Parental emotional processing

Or, how to cope when your child is injured. I don’t claim to be an expert by any stretch of the imagination. Given that Tad’s cast will come off in 17 days (but who’s counting?), I’m fully aware that I’m not dealing with a long-term handicap. I’ve still learned many things about myself in this process, though.

First off, I can hold my bladder a VERY long time. You see, I was just about to use the bathroom when I heard the fateful thud and cry from Tad’s room. Of course, he took precedence to my other needs, and things just sort of spiraled out from there. Since it is near to impossible to use the toilet with a two-year-old tightly wrapped around you because their arm hurts and you are their only comfort in a harsh, cruel world, I just hung on. Couldn’t use the bathroom at home, had to get to the pediatrician. Couldn’t use the bathroom at the pediatrician’s office, had to drive to the ER. Couldn’t use the bathroom in the ER, had to wait until first morphine shot administered and the Webmaster showed up, and then we got whisked away to radiology for x-rays. I finally relieved myself after Tad was back in the ER while we were waiting for the x-rays. Easily, it was a three-hour wait to use the bathroom. Granted, if I had been at the point of exploding, I would have carried Tad in there and just worked around him, but I had so much adrenaline rushing through me that it was easy to ignore my own needs and keep going.

Second, after so much adrenaline going through your system, you really have to take a break and cry. I was really good until the Webmaster arrived. Then I fell apart. I figured he could be the rational adult for a bit while I expunged my tear ducts. I tried not to cry in front of Tad, but the morphine had already done its trick and he was quite comfortable, even if Mommy was falling apart. The ER triage nurse had warned me when she put us in a room, “You’re going to earn your mom stripes today. Hang in there.” I hung on with all my might – with help from the Webmaster, my mother, Friend and CW Dad and all our other friends and family who were praying for and thinking of us.
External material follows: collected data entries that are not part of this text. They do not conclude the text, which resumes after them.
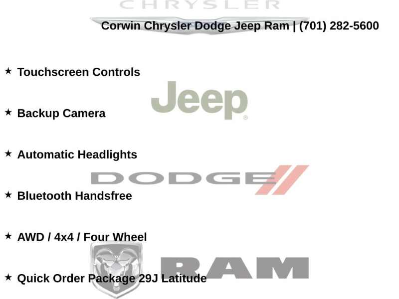 This Jeep Compass is well equipped and includes these key features and benefits, Touchscreen Controls, Backup Camera, Automatic Headlights, Bluetooth Handsfree, AWD / 4x4 / Four Wheel, Quick Order Package 29J Latitude. Odometer is 31969 miles below market average! 24/32 City/Highway MPG
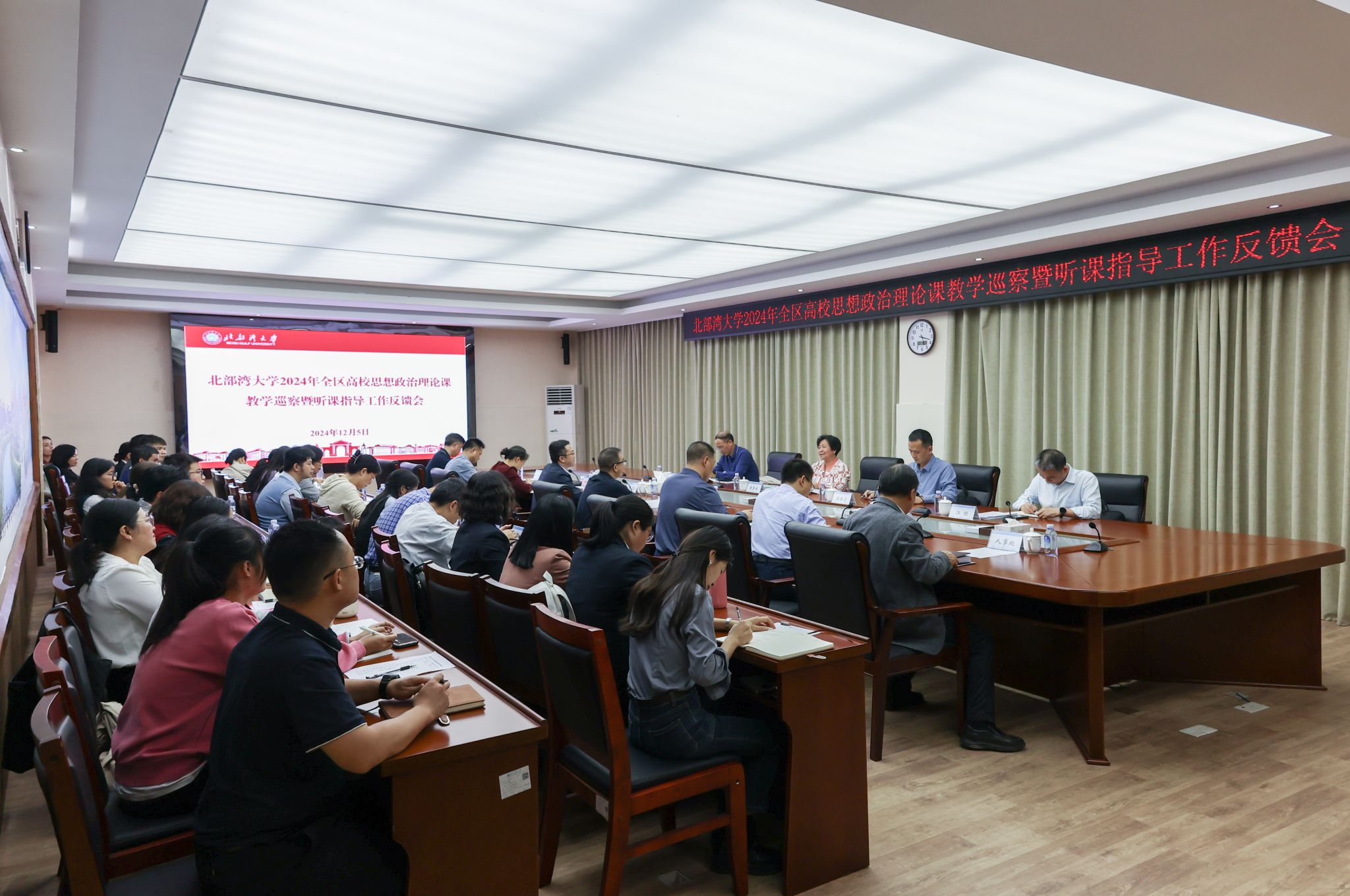 12月5日,全区高校思想政治理论课教学巡察组专家、广西中医药大学原副厅级调研员陈雪斌教授一行4人到pp电子进行2024年全区高校思想政治理论课教学巡察暨听课指导工作。学校在办公楼523会议室召开专题汇报会和反馈会。学校党委书记徐华蕊、党委副书记陈磊出席。陈磊主持会议。专题汇报会上,徐华蕊对巡察组专家一行到学校巡察指导表示热烈欢迎和衷心感谢,介绍了学校的基本情况。他表示,学校高度重视思想政治理论课建设,认真贯彻落实习近平总书记对学校思想政治理论课建设作出的重要指示精神,...
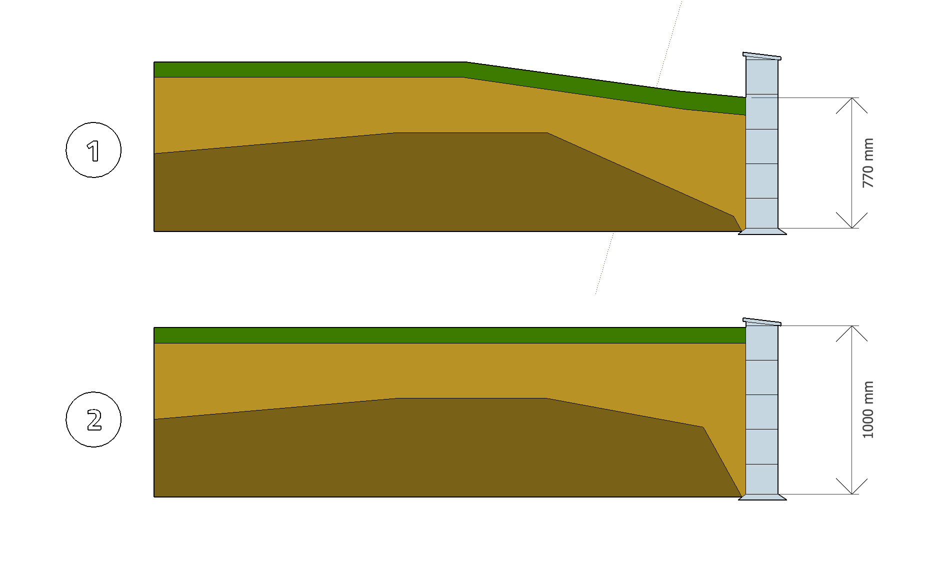 Exempel: Vid "planmark" så möter marken muren vid 80% av murens totalhöjd, och vid "lutande mark" så möter den muren vid 60% av murens totalhöjd.
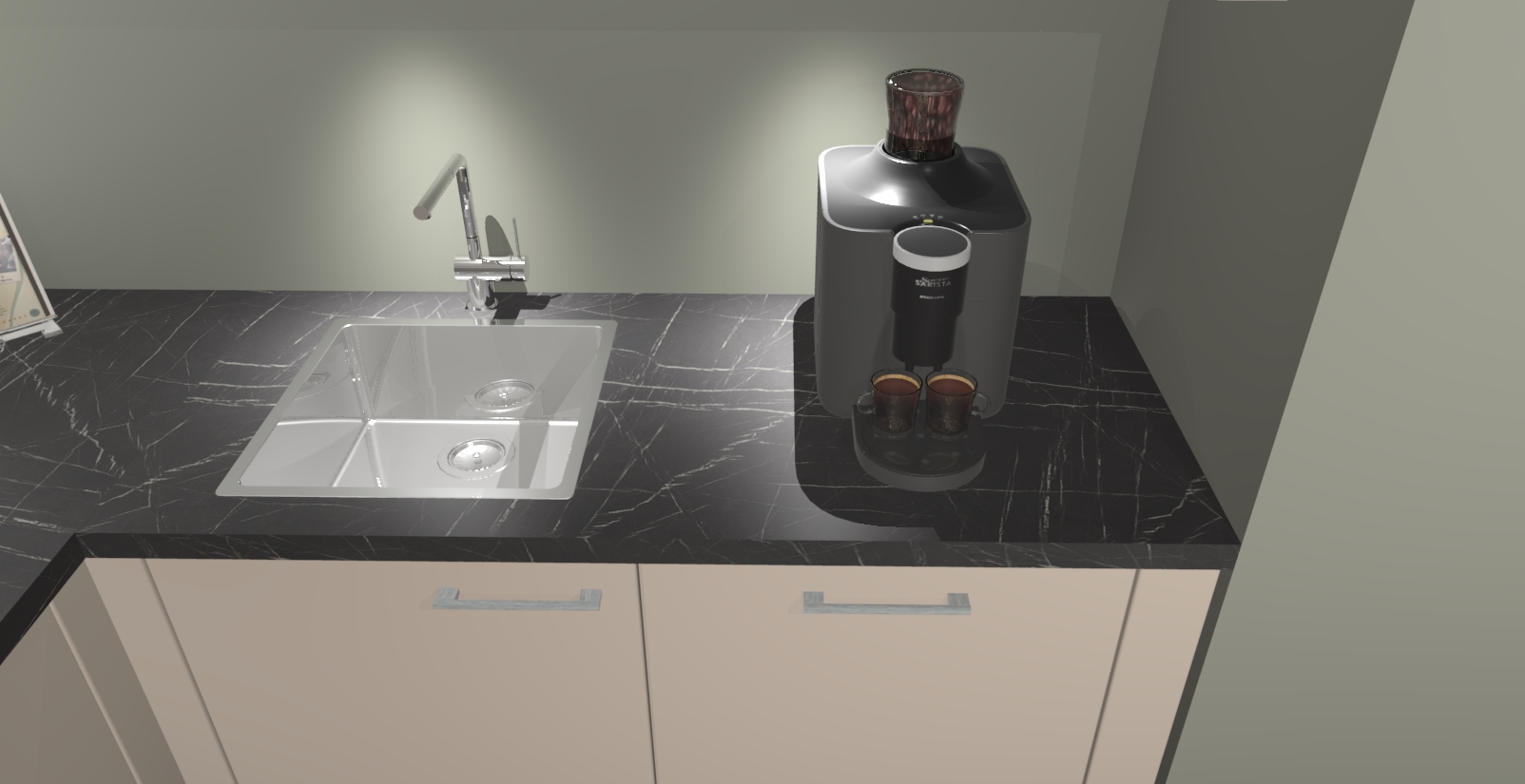 - De spoelbak is nog niet in gevreesd. Dit dient tijdens het werk gedaan te worden
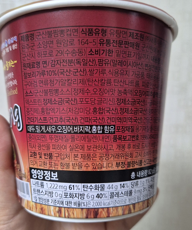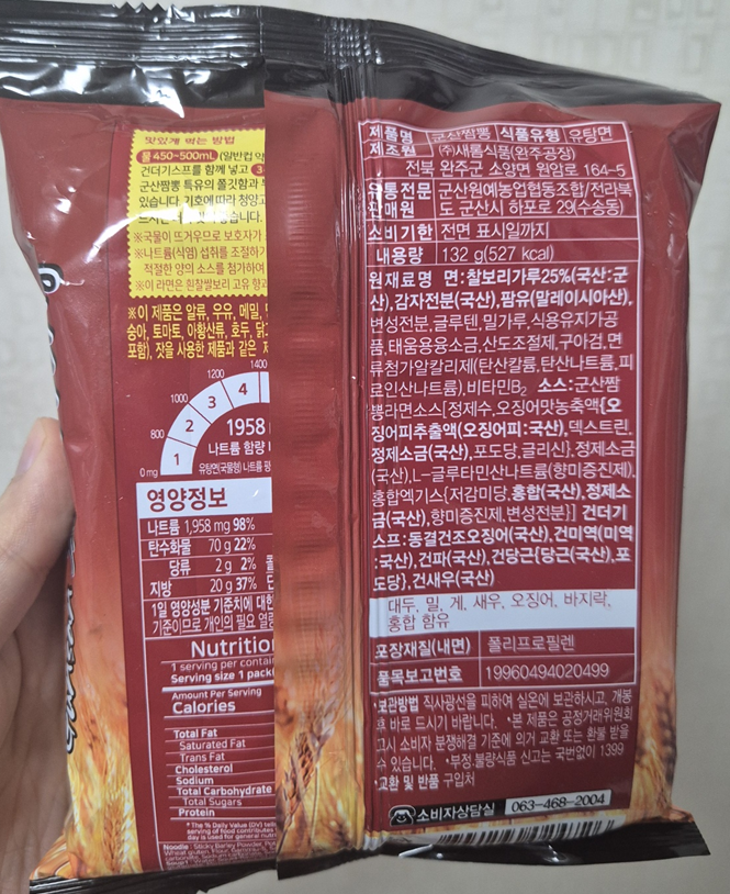 먼저 봉지로 된 군산짬뽕라면입니다. 역시 짬뽕이라 그런지 나트륨 함량이 꽤 높아요.
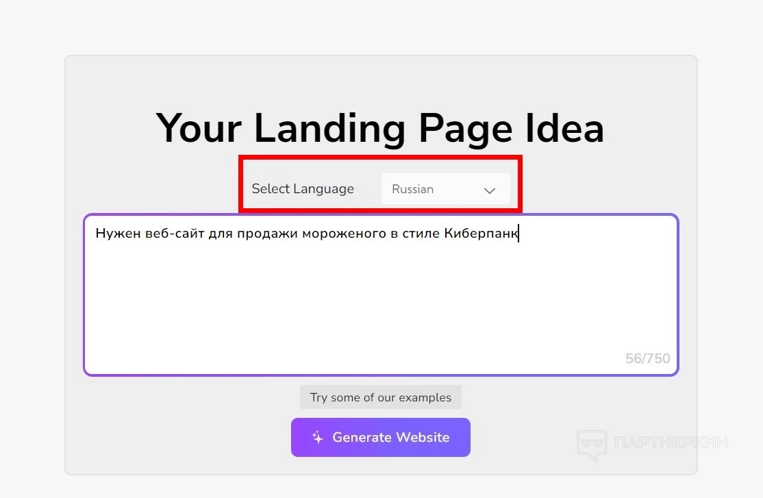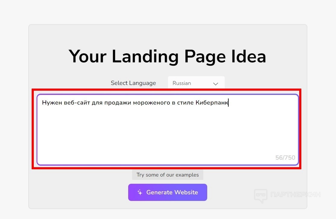 - Введите описание. Что это будет: маркетплейс, посадочная страница и так далее. Также укажите тематику и все необходимые детали. Например «Нужен веб-сайт для продажи мороженого в стиле Киберпанк».

Third, I came to the realization and acceptance quite early that there was nothing I could have done to prevent this. Tad was supposed to be settling down for a nap. I can’t sit there and watch him fall asleep. He had never gotten out of his crib before. He had spent the whole morning playing and I knew he was tired. Even as I cried because he was hurt, I, thankfully, didn’t have any guilt to work through. He did this to himself. I wish that he hadn’t, and I would have taken that broken arm for him if I could have, but I can’t stop him from doing stupid things. I guess that’s a good lesson for me to learn now.

Finally, it is very, very strange to have nurses and doctors and God knows how many other people look at you and say, “So, how did your son break his arm?” and know that they are asking because they want to know if you did it. A child support counselor even came into Tad’s room before his surgery to get the story from us. While I value the fact that they are trying to be advocates for the child, and they are constantly on the lookout for abusive parents, it was extremely weird and awkward to be on the receiving end of the questions. I kind of wanted to say, “Hey, I’ve got a blog if you want to read about all the goofy stuff this boy has done! And how many witnesses do you want to attest to his monkey-like behavior? I can get ’em lined up quick and easy!” Of course, that’s not the right thing to say, so I walked through his story more times than I can count, and everyone accepted it – his nurses, who referred to him as “Superman” more than once, because he tried to “fly” out of his crib, were eager to regale us with stories of stupid stunts their own children had pulled.

And of course, overriding every emotion I have is a sheer, overpowering feeling of thankfulness. I am thankful for the doctors’ and nurses’ skill, our friends and family’s support, and that Tad’s injury was no worse than it was. Because it could have been so, so much worse. And I am profoundly thankful to God that it wasn’t.

2 Responses to “Parental emotional processing”

  1. Auntie
    August 21st, 2007 15:37

    That was touching but gross!
    Who wanted to hear about your bladder??
    I didn’t!
    Good for you,
    but too much information.

  2. Matthew
    August 21st, 2007 20:53

    After we read about Tad, Andrea and I are counting our blessings that TheMonk hasn’t learned how to climb out yet. What happened to Tad is our exact fear once TheMonk becomes more agile.

    Glad to hear everyone is adjusting well – including Mom!